Uncontrolled activation of mucosal effector T cells has been identified as the main pathogenic mechanism involved in the initiation and perpetuation of intestinal inflammatory reactions.

Patients with moderate UC are initially treated with mesalazine, applied both orally and rectally. If symptoms do not improve, systemic corticosteroids are to be administered. Patients who do not respond to systemic corticosteroids may become eligible for treatment with a calcineurin inhibitor or an anti-tumor necrosis factor (TNF)α antibody. Alternatively, patients may have to undergo major colorectal surgery.

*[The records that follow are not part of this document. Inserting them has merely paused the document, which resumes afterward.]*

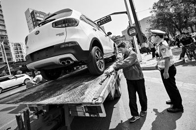 除了高速公路,亞運村交通大隊還在人流車輛密集的望京SOHO周邊設點執(zhí)法。該區(qū)域由于寫字樓密集,配建停車位缺口大,許多人把車輛隨意停放在沒有劃設停車位的路邊,嚴重影響正常交通出行。一位協(xié)管員直言,每天貼條都貼不走違法停車。交警在執(zhí)法中發(fā)現(xiàn),一輛白色起亞牌汽車任性地停放在十字路口導流帶內(nèi),為了逃避處罰,司機不僅摘了車牌,還用紙條把擋風玻璃下的車架號擋上了。無獨有偶,附近一輛違停的長安牌小汽車也用了同樣的伎倆。隨后,交管部門依法對這兩輛車進行了清拖。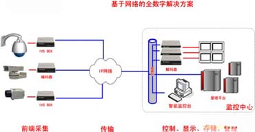解決方案三、對于網(wǎng)絡(luò)的數(shù)字化監(jiān)控系統(tǒng),同樣選擇重點(diǎn)、高危監(jiān)控目標(biāo)和場所,直接在前端選擇智能視頻服務(wù)器(IVS BOX),主動(dòng)監(jiān)控,將預(yù)警、警情實(shí)時(shí)發(fā)給后端管理平臺(tái),完成快速切換和錄像,解決方案如圖所示:
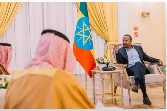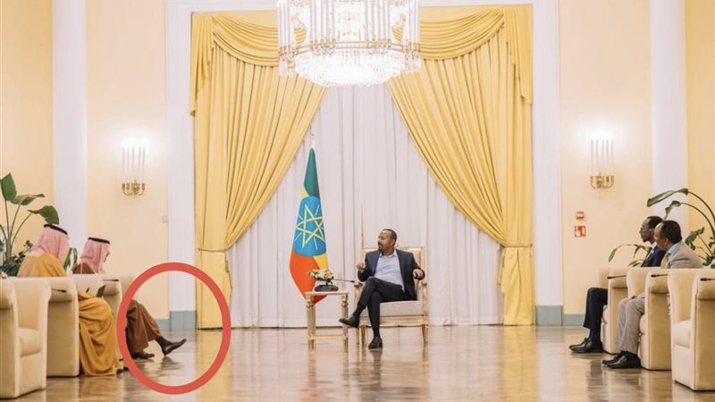 غضب واسع بين السعوديين بسبب وضعية جلوس رئيس وزراء إثيوبيا أمام وزير الخارجية السعودي
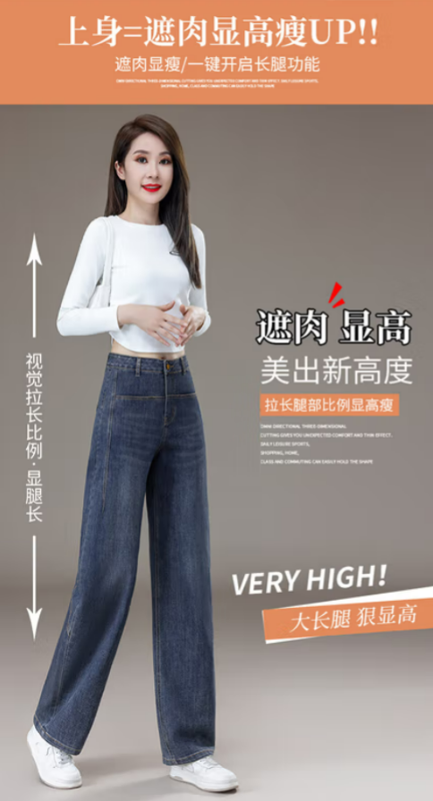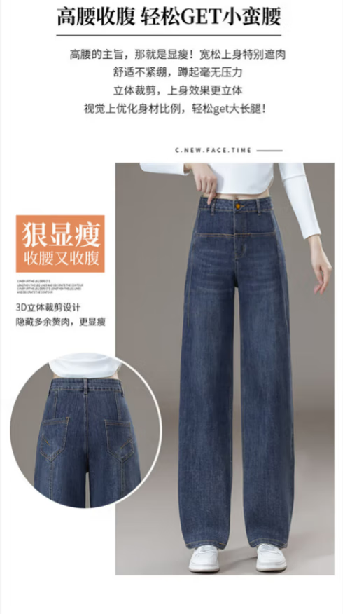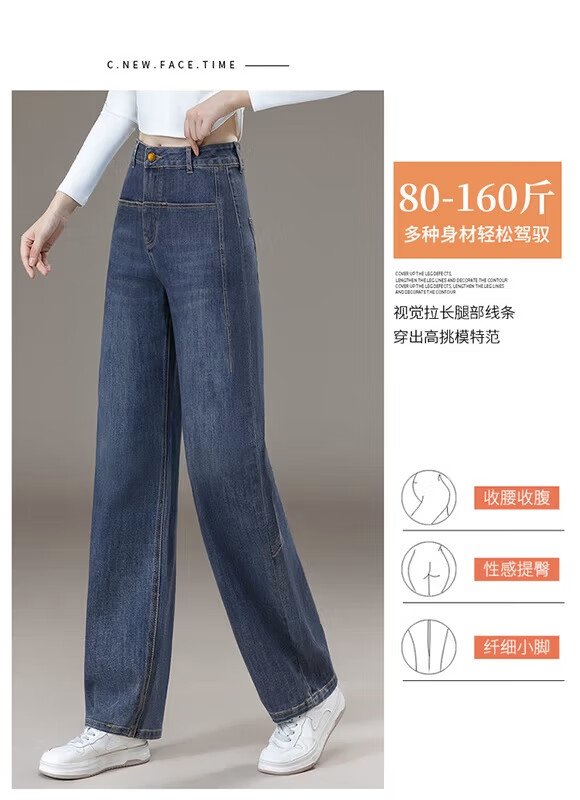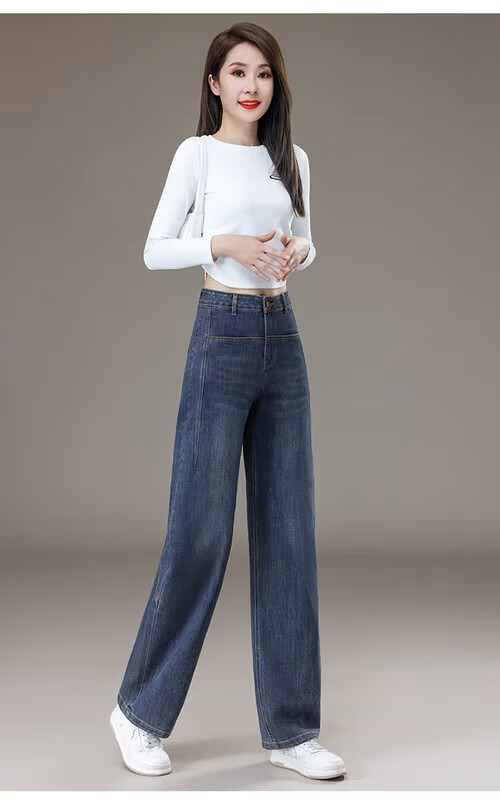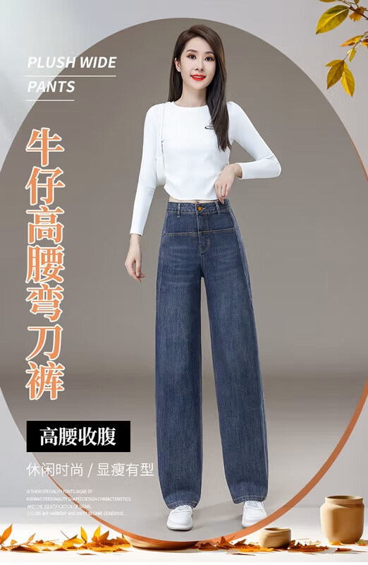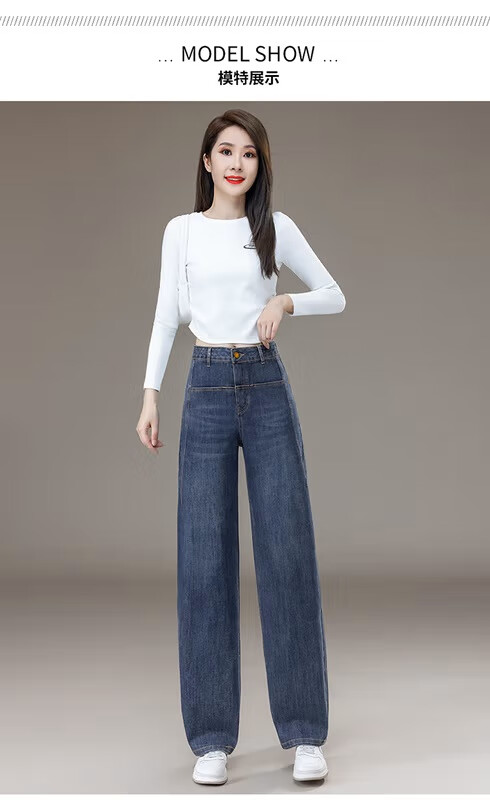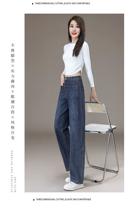 2025 New Retro Jeans Women's Spring Autumn and Summer High Waist Scimitar Pants Banana Pants Wide Leg Loose Pants Retro Blue 28 Recommended 105-115 Jin Jin equals 0.5 kg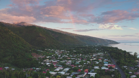 Aerial view showcasing a vibrant sunset casting a warm glow over a coastal town nestled between a lush green mountain range and the tranquil ocean in French Polynesia.
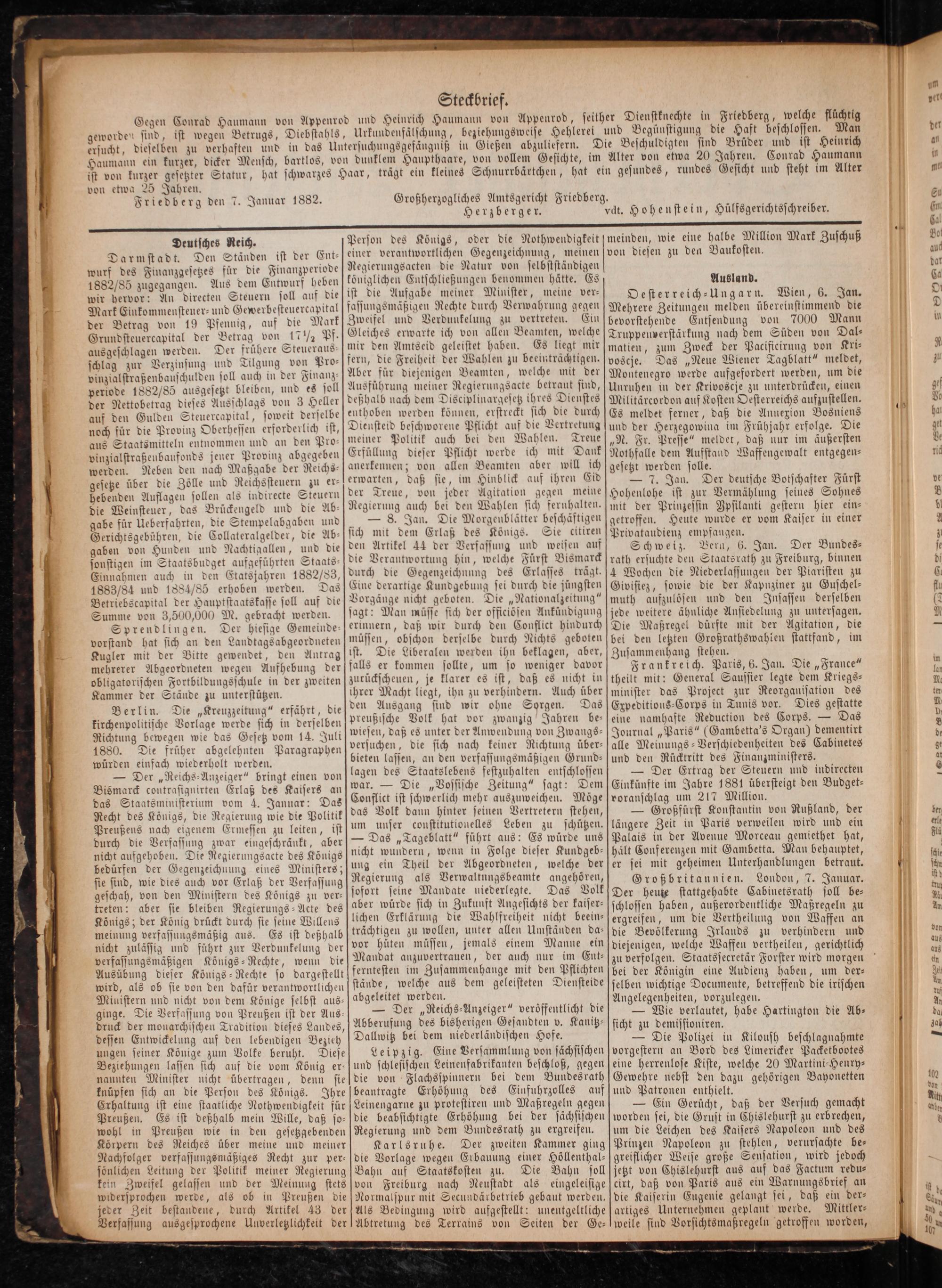 von etwa 25 Jahren. Friedberg den 7. Januar 1882.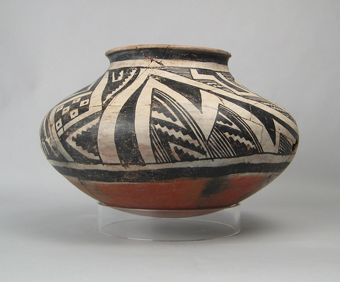 Soil in the ground contains rocks and minerals. Ceramics (pottery) are made of clay which also contains rocks and minerals. Scientists can compare the rocks and minerals in broken pieces of pottery, called sherds, with those found in clay from many different places. This is called petrographic analysis. Archaeologists can then decide if pottery at an archaeological site was made using local clays. While most of the Salado decorated pottery at Ormand Village was made from local clays, one sherd was made from clay obtained from the Tucson Basin area (see the Salado Homeland on the regional map).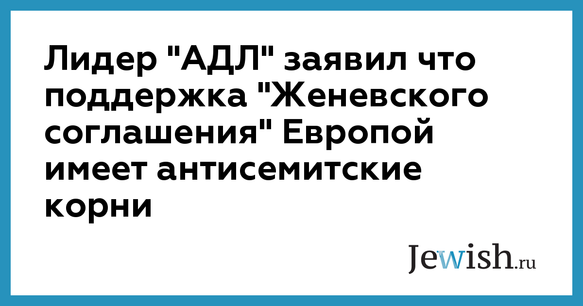Лидер "АДЛ" заявил что поддержка "Женевского соглашения" Европой имеет антисемитские корни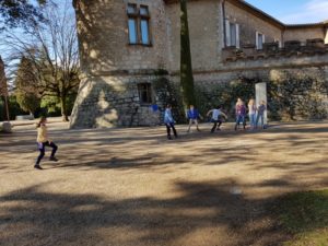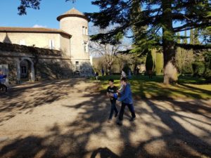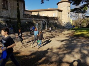 Sortie bleue à Mouans-Sarthoux qui commence sous un beau soleil et un drone. Après le pique-nique, nous avons fait un Poule-Renard-Vipère énergique dans les jardins du Château.

Patients who do not adequately respond to these treatment strategies exhibit serious drawbacks. Colorectal surgery may result in a severely compromised quality of life.

Therefore, patients with moderate or severe UC may significantly benefit from new therapeutic alternatives.

The transcription factor GATA-3 is an interesting target for a novel therapeutic strategy in UC.

GATA-3 is the key regulation factor of Th2-driven immune responses. It is indispensable for the differentiation and activation of Th2 cells, integrates Th2 signals, and induces Th2 cytokine expression. Results of a recent clinical trial in children showed that GATA-3 is involved in the pathogenesis of the acute phase of UC.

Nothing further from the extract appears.